Mind versus Brain: The case of the low-dose anti-psychotic drugs

Are ADHD, autism, schizophrenia and other mental health disorders primarily neurological, best treated as brain diseases with drugs? Or psychological conditions that should be treated with therapy? Or both? Huge question, huge debate in mental health. The mind versus brain dilemma has been on my mind a lot lately. Well a lot of minds lately. Let me explain.

A few weeks ago I listened to the director of the National Institute of Mental Health, Tom Insel, M.D., who spoke about the future of mental health. He was being honored at a scientific symposium held by The Child Mind Institute, in fact, their fifth annual On The Shoulder of Giants lecture series. This year’s event honored achievements in neuroscience. So there was a lot of talk about brain research. 

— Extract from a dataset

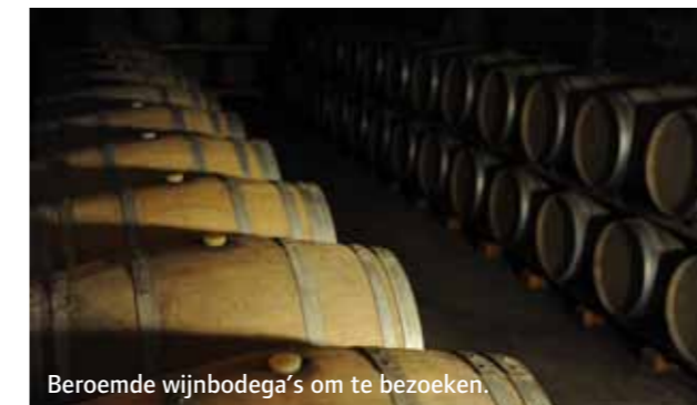
Beroemde wijnbodega's om te bezoeken.

De unieke zomerfeesten die in elk dorp en stad plaatsvinden, waar reuzen dansen en kleurrijke folkloristische groe-

The NIMH head honcho stressed psychiatric disorders must be viewed and studied as neurological diseases for advances in prevention and treatment. A medical doctor, he held up the great success made in reducing childhood cancer mortality over the past several decades as an example of how the psychiatric community can make similar progress. Drawing another parallel to medicine, Insel also pointed out the significant progress in cardiac treatment in the past decades. He estimated psychiatry is about where cardiology was fifty years ago. Although he's very optimistic about brain research, he also added that important contributions will come from studying the genome and providing better access and delivery of health care services. Phew. 

On the way home I couldn’t help but think about that new rather groundbreaking study out last month showing the benefits of both medical and psychological interventions in treating schizophrenia. People suffering from schizophrenia who showed the most progress received both lower than normal doses of anti-psychotic drugs plus traditional therapy aimed at helping them manage their symptoms. 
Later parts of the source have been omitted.